By Jack Bourassa
The personal is political. This is not just a slogan. This phrase has always inspired me. I asked myself if the need for affordable housing is a personal issue for someone else— an argument often presented. The hunt for affordable housing, sadly, is a personal problem for many. And “the personal is political” as affecting change requires political will.
Why do we need affordable housing in our northern communities and everywhere in Canada? There is no doubt that the need for a decent shelter is a basic human need, and in deed, is a human right. Not having enough affordable housing in our communities is a crisis that has been addressed but remains unresolved. There have been some changes, but the problem is getting even worse.

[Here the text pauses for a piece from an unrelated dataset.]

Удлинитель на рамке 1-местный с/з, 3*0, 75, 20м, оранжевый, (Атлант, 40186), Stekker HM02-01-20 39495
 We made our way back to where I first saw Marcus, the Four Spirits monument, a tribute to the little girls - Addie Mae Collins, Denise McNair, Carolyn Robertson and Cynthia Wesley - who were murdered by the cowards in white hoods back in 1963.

Let’s remind ourselves of why we urgently need affordable housing in our communities. Individuals with access to decent housing are more capable of finding jobs, getting education, and thus, contributing back to their communities. Having affordable housing means having more resources to spend on other needs— studies have shown that wherever affordable housing is available, reliance on food banks have decreased. Having affordable housing allows people in need to get out from under and to live with dignity.
Affordable housing is important to families. Children in families with no affordable place to call home are more likely to be unable to focus on their education. Moving from one place to another would cause psychological stress on children. Parents who could afford a decent place, can spend more on nutritious food— the food prices are already high in the north. Having affordable housing means spending more time with family and loved ones instead of working two jobs. It means having more time and resources to get involved in social and physical activities that are essential for the wellbeing of individuals, families and communities.

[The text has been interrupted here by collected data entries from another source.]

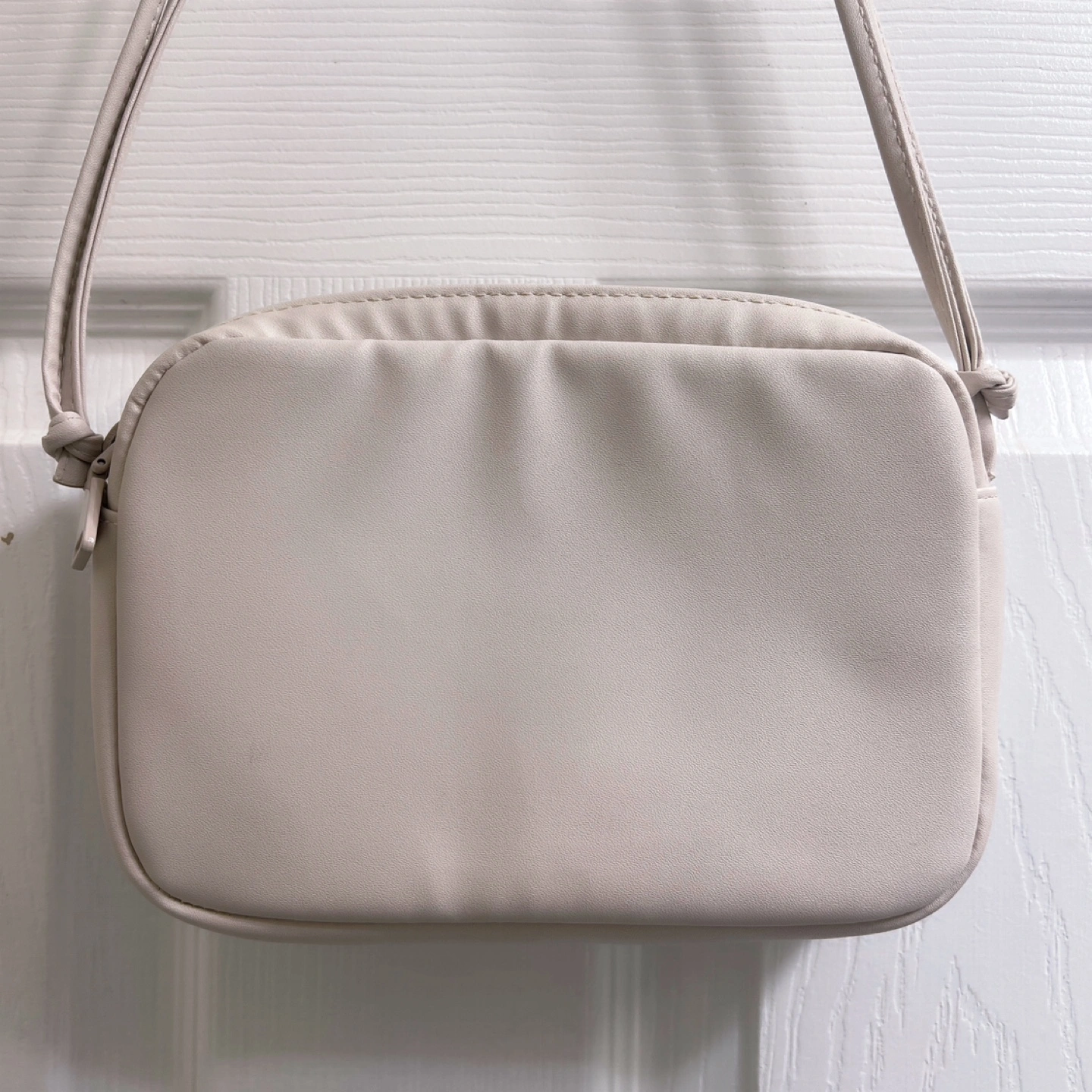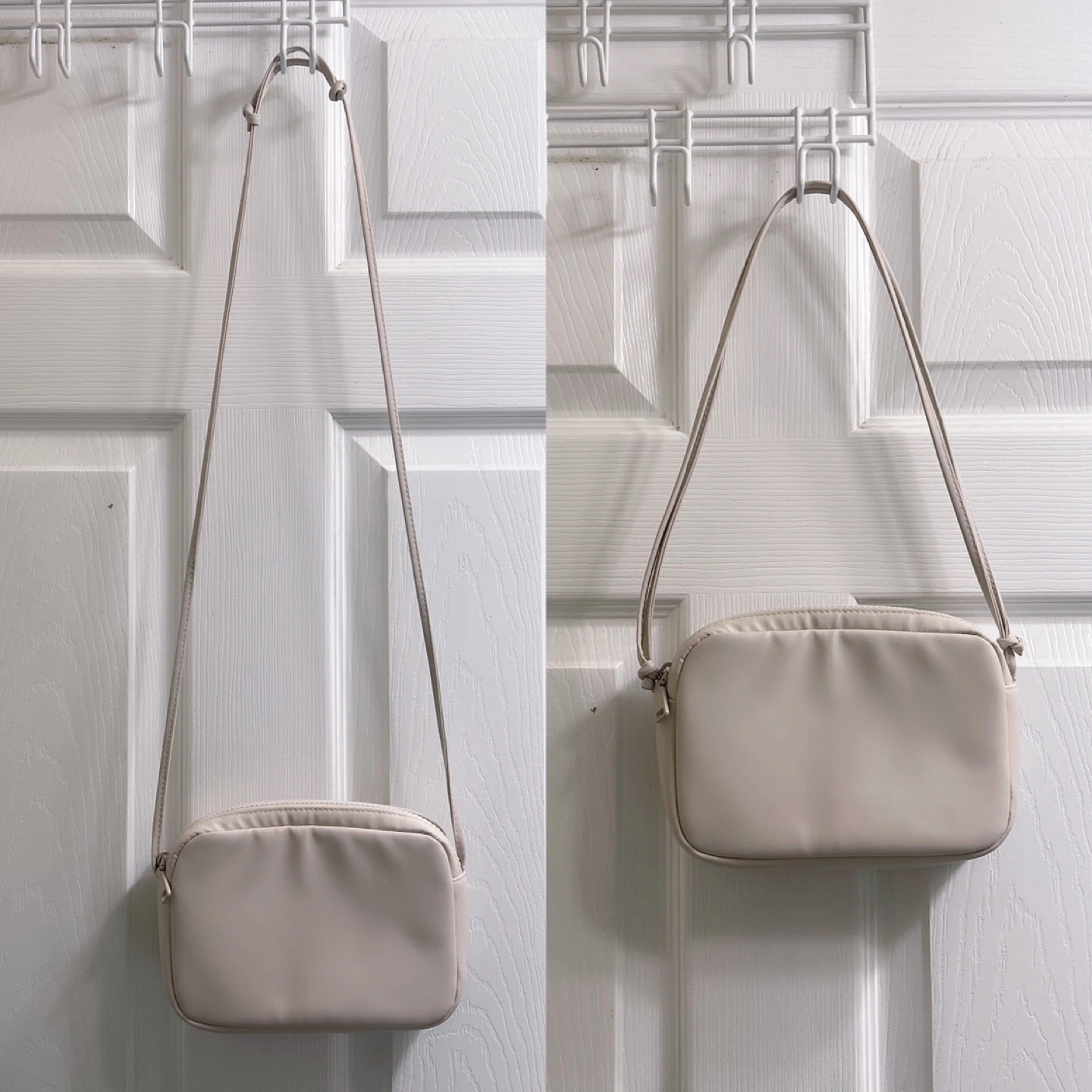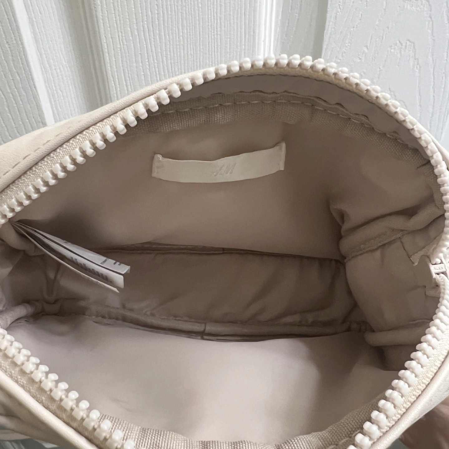 This cream crossbody bag from H&M features a compact rectangular shape and a faux leather material. It includes a thin adjustable shoulder strap and a secure zipper closure, making it ideal for carrying your essentials in style.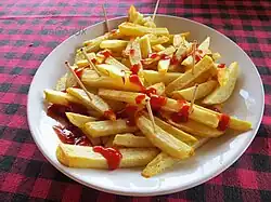 Fish and chip shops are a form of fast food popular in the United Kingdom, Australia and New Zealand. Fish is battered and then deep-fried, and served with deep-fried potato strips.[34]
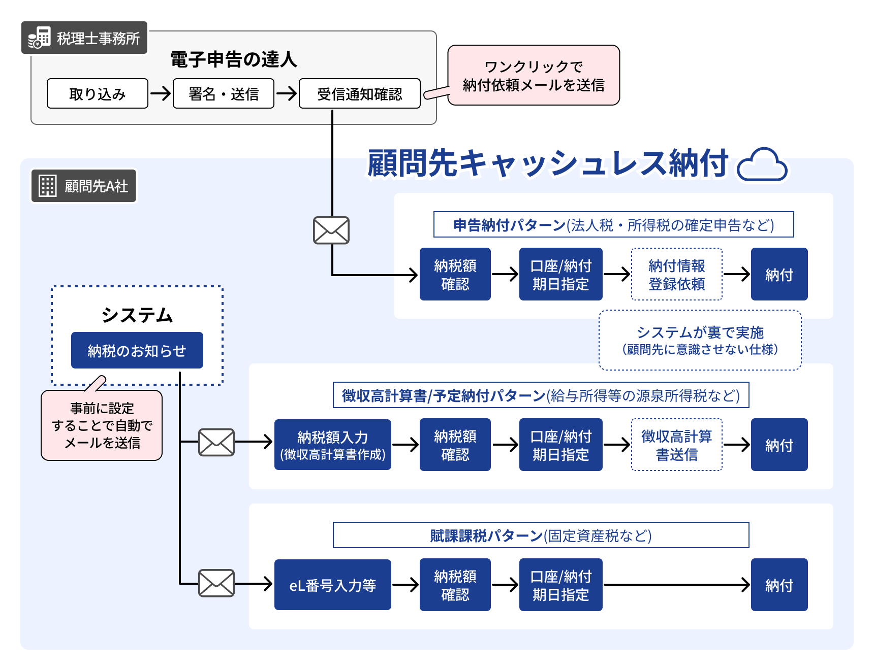 税理士から顧問先に、キャッシュレス納付の環境を提供することで、両者の納付業務をキャッシュレス化・効率化するツールです。

Who is now at risk of being homeless? The Canadian Observatory on Homelessness identified factors that may contribute. They include precarious employment, sudden unemployment, several and persistent mental illness, violence/abuse in current housing situations, and other factors beyond the individual’s control. Lack of stability adds to the vulnerability. More affordable housing might not solve their problems but would, at least, provide the security and stability they need.

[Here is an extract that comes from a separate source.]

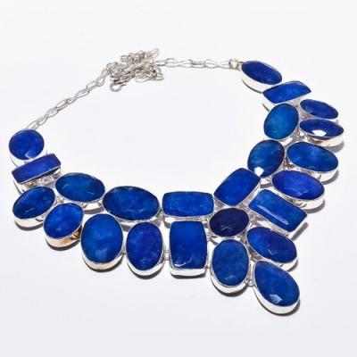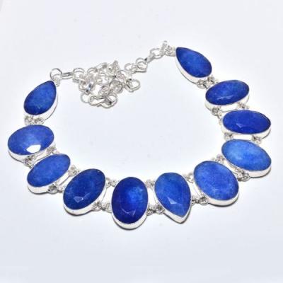 SA-8312B - Joli COLLIER, SAUTOIR, PARURE en SAPHIR Bleu et Argent 925 - 130 carats - 26 gr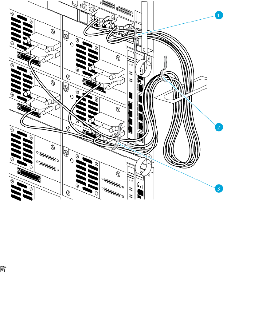 port end of the tape drives. Attach it between the cluster cable clamp and the SCSI ports.

Let’s look at what makes housing affordable. According to the Canadian Mortgage and Housing Corporation (CMHC), housing is considered affordable if it costs less than 30 per cent of a household’s before-tax income. Recent studies have shown that across Canada 40 per cent of renters spend more than 30 per cent of their household income on rent. Around 20 per cent spend more than 50 per cent. How are individuals and families with parent(s) earning a minimum wage or a wage below Living Wage to find affordable housing? Let’s keep in mind that the current NWT minimum wage ($13.85) is far behind the Living Wage.
As I mentioned earlier, the problem is getting worse. CMHC conducted a study and concluded that the rents in Yellowknife are increasing despite vacancies: “Based on units common to both the 2017 and 2018 surveys, the same-sample apartment rents for two-bedroom units increased by 1.7% in October 2018 on a year-over-year basis, compared to a 1.4% increase between October 2016 and October 2017.” With the current situation, our communities need more affordable housing units and rental subsidies to those in need of them.
Whenever presented a problem, I always ask myself if we could be part of the solution. I believe that we could collectively create a change. Elections (Federal and Territorial) are coming up this Fall —let’s make sure we’re prepared to ask the right questions to candidates and be proactive. Remember: the personal is always political. Those who are affected suffer the most, but we all need to take action for the collective good.